** Supplied records follows **
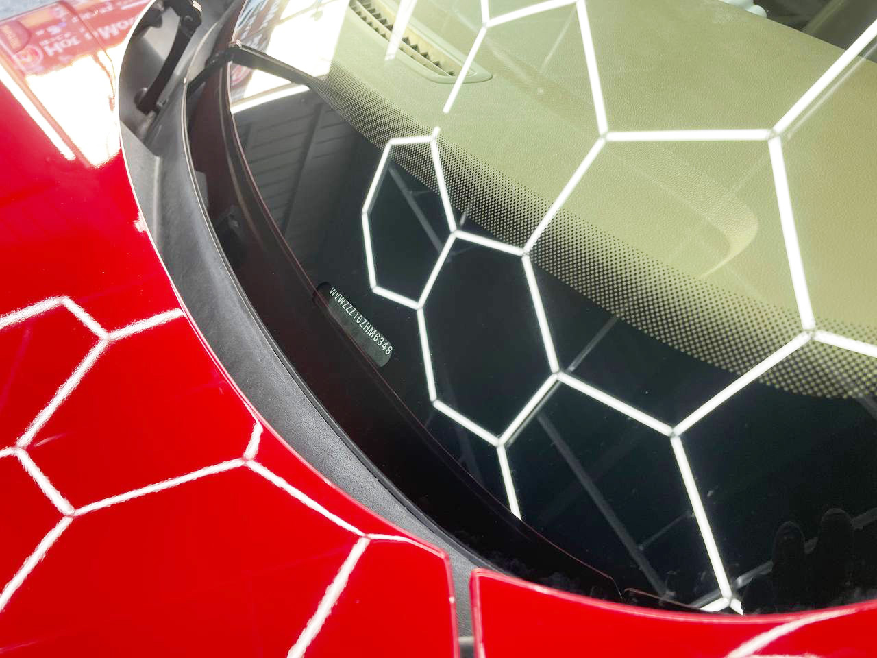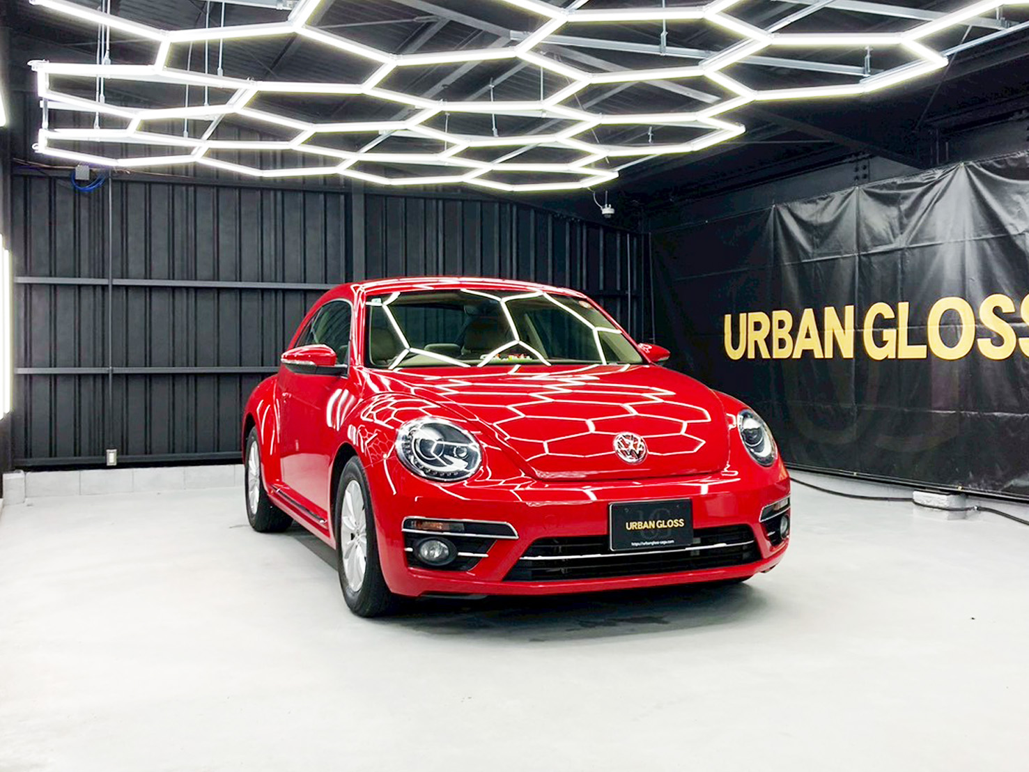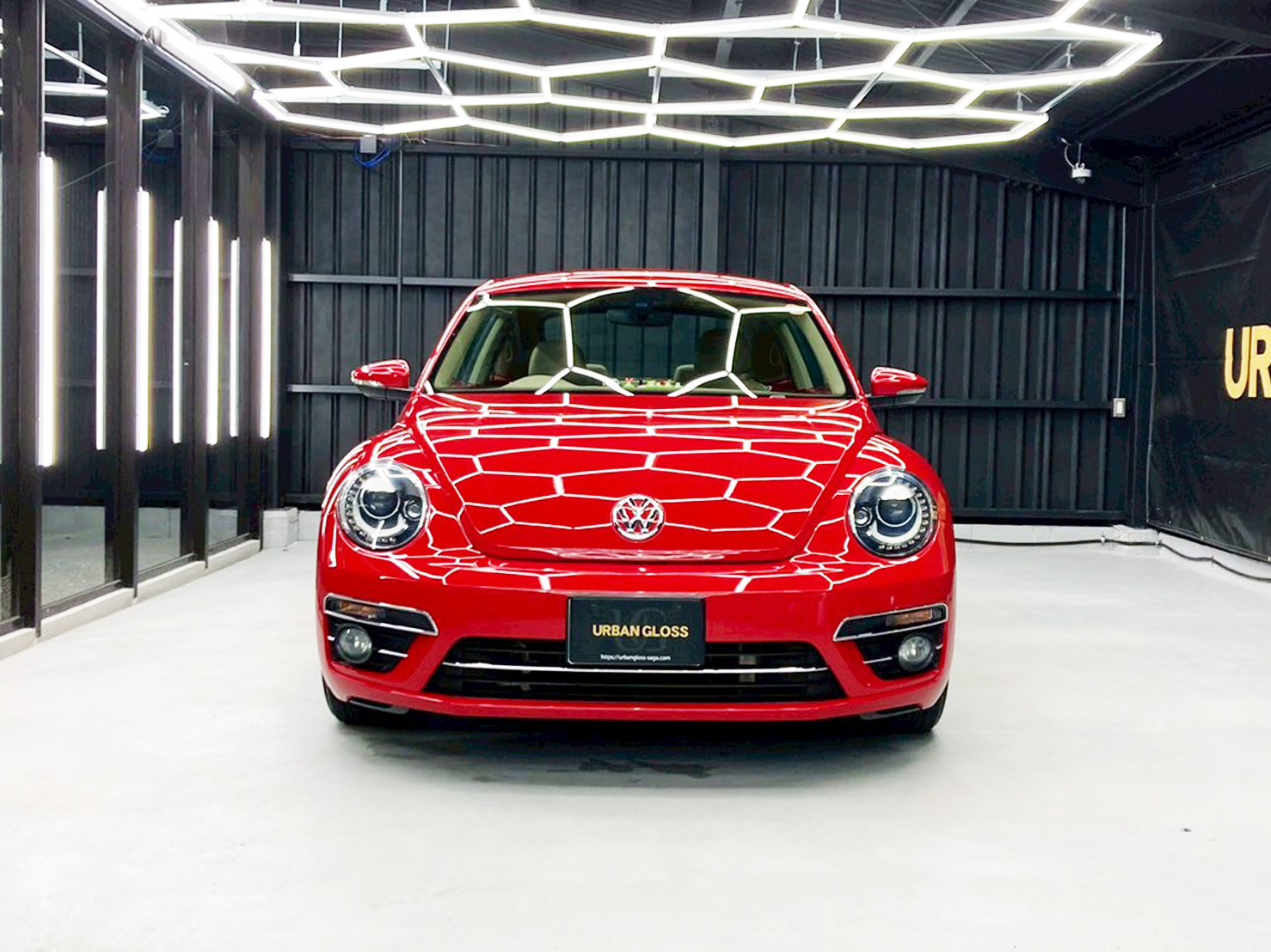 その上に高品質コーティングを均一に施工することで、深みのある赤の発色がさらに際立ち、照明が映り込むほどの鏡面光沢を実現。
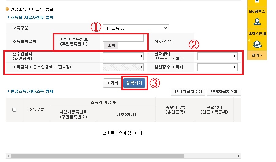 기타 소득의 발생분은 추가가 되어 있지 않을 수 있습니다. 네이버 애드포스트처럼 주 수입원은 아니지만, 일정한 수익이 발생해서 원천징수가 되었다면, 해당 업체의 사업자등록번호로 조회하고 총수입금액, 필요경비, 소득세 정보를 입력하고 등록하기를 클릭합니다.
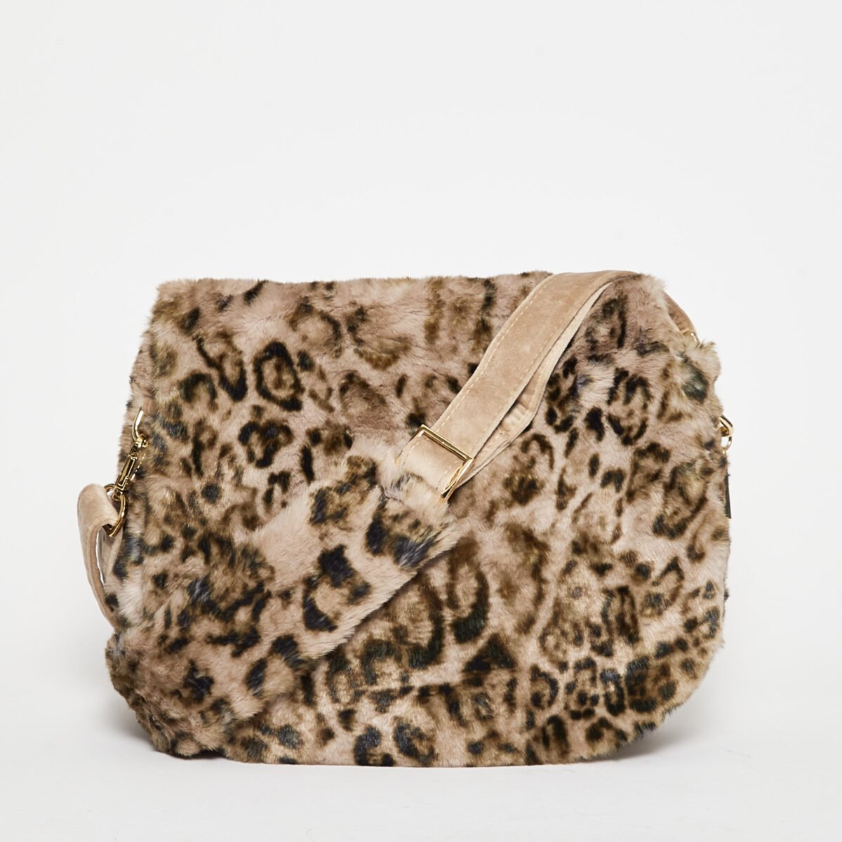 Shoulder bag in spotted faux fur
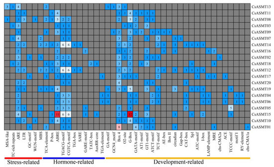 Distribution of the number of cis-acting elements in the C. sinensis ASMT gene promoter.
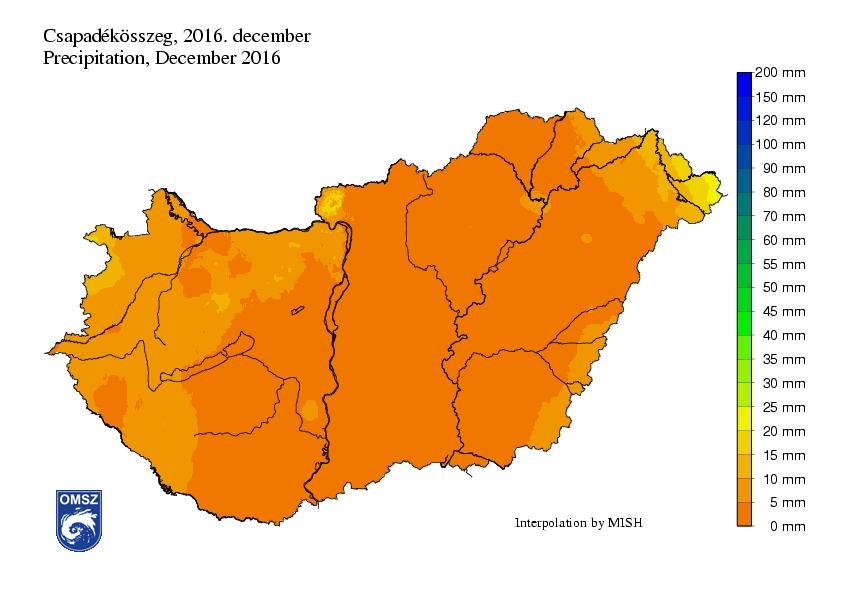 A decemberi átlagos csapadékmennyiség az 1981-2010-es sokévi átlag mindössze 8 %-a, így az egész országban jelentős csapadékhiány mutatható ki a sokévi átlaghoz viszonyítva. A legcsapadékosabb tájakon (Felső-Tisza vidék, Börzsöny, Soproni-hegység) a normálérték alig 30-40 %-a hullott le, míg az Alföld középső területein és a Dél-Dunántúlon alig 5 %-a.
** End of Supplied records **
** Supplied records follows **
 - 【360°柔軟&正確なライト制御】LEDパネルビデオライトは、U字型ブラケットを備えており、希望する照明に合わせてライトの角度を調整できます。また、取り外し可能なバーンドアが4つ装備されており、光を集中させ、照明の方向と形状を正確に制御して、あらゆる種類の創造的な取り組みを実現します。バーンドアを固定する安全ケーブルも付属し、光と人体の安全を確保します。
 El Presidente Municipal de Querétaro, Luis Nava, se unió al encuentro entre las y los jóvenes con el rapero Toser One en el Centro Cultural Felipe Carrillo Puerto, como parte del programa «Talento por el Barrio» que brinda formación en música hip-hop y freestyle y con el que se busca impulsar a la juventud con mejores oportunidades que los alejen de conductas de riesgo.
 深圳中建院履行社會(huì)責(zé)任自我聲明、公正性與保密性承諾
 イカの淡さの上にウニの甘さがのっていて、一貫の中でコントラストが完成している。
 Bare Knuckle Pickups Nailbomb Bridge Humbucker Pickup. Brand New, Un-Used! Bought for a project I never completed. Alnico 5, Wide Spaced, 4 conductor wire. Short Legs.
** End of Supplied records **
** Supplied records follows **
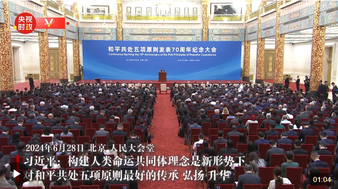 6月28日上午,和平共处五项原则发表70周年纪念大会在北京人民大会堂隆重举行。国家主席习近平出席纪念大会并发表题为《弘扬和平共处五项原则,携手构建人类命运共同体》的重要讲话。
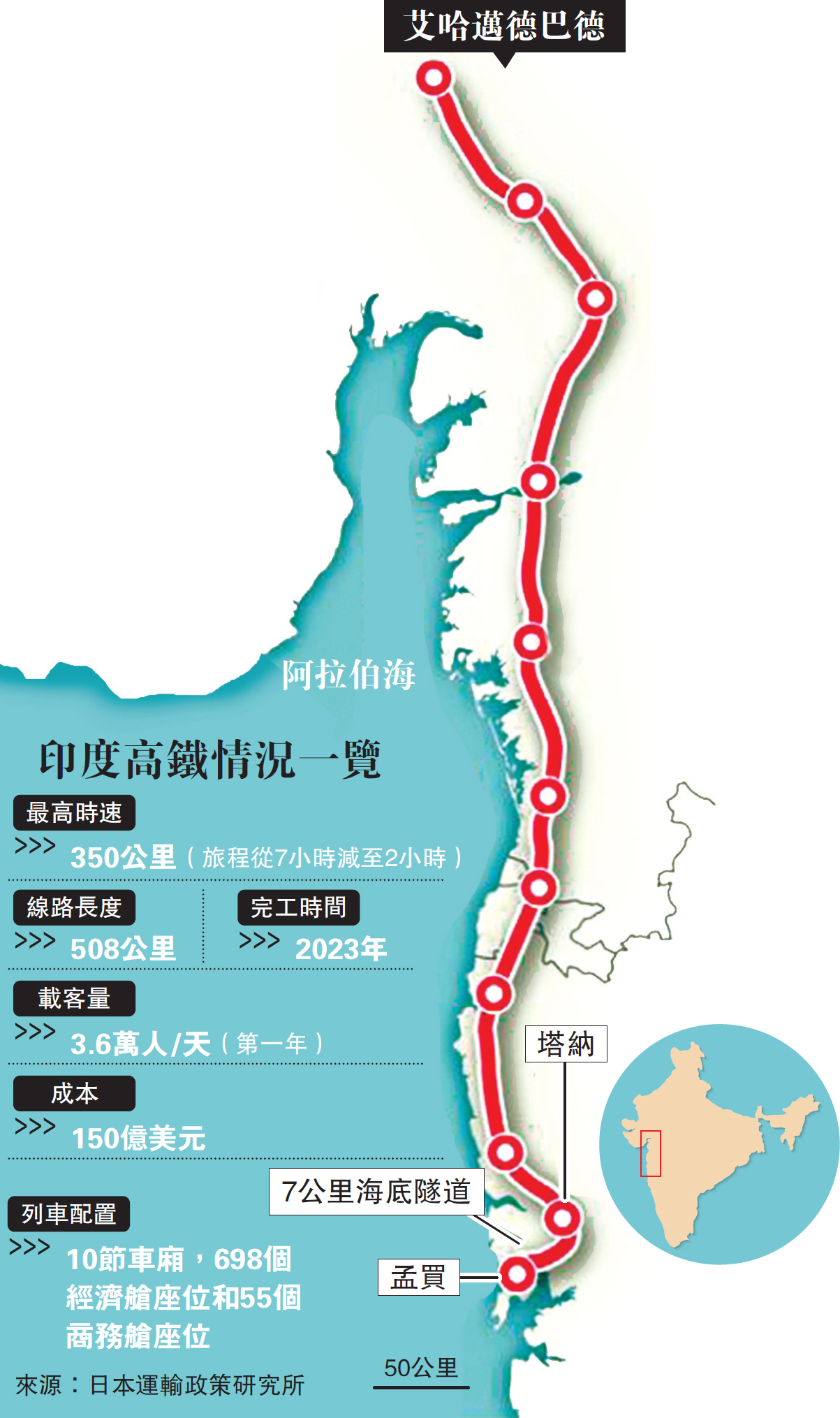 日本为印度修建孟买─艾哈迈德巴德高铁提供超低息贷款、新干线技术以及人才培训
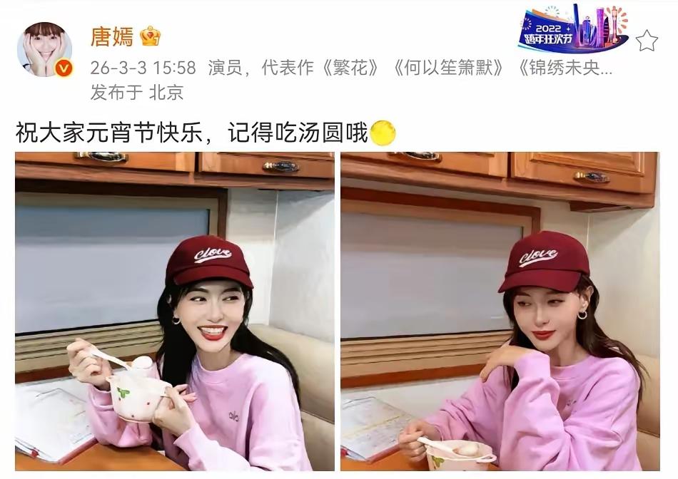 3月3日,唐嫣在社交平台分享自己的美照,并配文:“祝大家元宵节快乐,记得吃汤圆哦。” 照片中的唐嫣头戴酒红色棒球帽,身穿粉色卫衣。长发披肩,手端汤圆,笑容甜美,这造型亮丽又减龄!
** End of Supplied records **
## Exercise objective
Repeat only the stretch of data above that runs from the line with "기타 소득의 발생분은" to the line with "Distribution of the". Keep both end lines; exclude pictures.

## Your solution
 기타 소득의 발생분은 추가가 되어 있지 않을 수 있습니다. 네이버 애드포스트처럼 주 수입원은 아니지만, 일정한 수익이 발생해서 원천징수가 되었다면, 해당 업체의 사업자등록번호로 조회하고 총수입금액, 필요경비, 소득세 정보를 입력하고 등록하기를 클릭합니다.
 Shoulder bag in spotted faux fur
 Distribution of the number of cis-acting elements in the C. sinensis ASMT gene promoter.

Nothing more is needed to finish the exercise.